Thankfully, RAC (as the current Secretary is referred to) kept many of Ms. Lopez’s strict impositions on erring mining operations in place. Some of the more “over-reaching” ones were reversed, but gradually, and after considered review — and that’s why the industry has been able to recover some ground lost between 2016 and 2017. And when the pandemic hit, the DENR, through the Mines and Geosciences Bureau, was quick to order mining operations to consider anti-COVID programs in their communities as part of their SDMP for this year. This is why many mining communities have had better access to test kits and face masks and even food parcels; and in the rare times that a handful of positive cases have been identified, the mining operations in cooperation with the host LGUS were always quick to respond, snuffing out the potential spread within the usual two-week period.

I thus find it unfortunate that the DENR is taking a hit with the “Manila Bay Sands” project, but justifiably so, for a number of reasons. First, it does not address the principal problem of Manila Bay — which is that it has become the cesspool of Metro Manila and nearby provinces, compounded by the apparent dumping of oily waste from the cargo and passenger ships that frequent it. Second, communities along its shores — mainly Metro Manila and towns in Cavite and Bulacan and even Bataan — end up having their garbage washing into the bay, and these in turn end up washing ashore along the Roxas Boulevard Baywalk area and the area next to the Folk Arts Center, the Manila Yacht Club and the Philippine Navy. Third, the rivers and esteros that feed into the bay — the Pasig, for one, as well as some from Bulacan — not only bring human and residential waste, but also chemical waste, especially since there are tanneries in Bulacan for whom the rivers are said to be the perfect outlets for industrial waste.

Put together the three causes above and the result is blackish (not brackish) water that has a stink — there have been times when I have attended meetings at the Yacht Club and you wouldn’t want to take a deep breath for fear of damaging your lungs permanently. (On the other hand, nowadays it would be a good test of your being negative for the coronavirus, yes?).

So the idea of a white sand shoreline for Manila Bay — which I suppose would encourage people to come over and take a dip? — would be a boon to both dermatology and respiratory specialists.

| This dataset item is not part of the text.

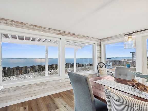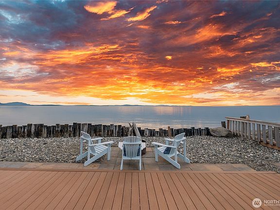 Welcome to your beachfront entertainer’s paradise in Sandy Point! This updated 4BD/2.5BA west-facing gem boasts a Chef's kitchen w/stunning views of the Islands, custom finishes, abundant natural light & beachy vibes. The main-floor primary features an ADA bath & sauna. Upstairs, the guest rooms enjoy views of Mt Baker & the 2nd primary suite has sweeping island vistas & private deck. A spacious studio/flex room offers potential for a second unit (buyer to verify). Entertain in style on the generous patio & watch marine life & breathtaking sunsets from your own backyard. The bonus sitting room, automatic storm shutters & thoughtful updates complete this exceptional coastal retreat. The hard work is done and ready to enjoy this summer!

But otherwise a bad idea. It’s like something Prince Grigory Aleksandrovich Potemkin Tauncheski would do, he who put up fake villages (hence the “Potemkin village”) along the route taken by his beloved Empress Catherine the Great to make her believe everything was fine and dandy in the impoverished Russian countryside.

It smacks of being a band-aid solution to a problem with deep roots. And I for one would like to think that most people in the DENR and its agencies (the EMB, the MGB etc) would prefer to get to the bottom of the issue and work from there, no matter how politically sensitive the steps they have to take may be.

And that, definitely, is not by applying layers of Cebu dolomite to what will never be the replacement to the Lido Beach in the Cavite of my youth. No matter how much the DDS proclaim to the world how this is another wise move under the leadership of the greatest president in the galaxy, their face shields are protecting them from getting sand into their eyes.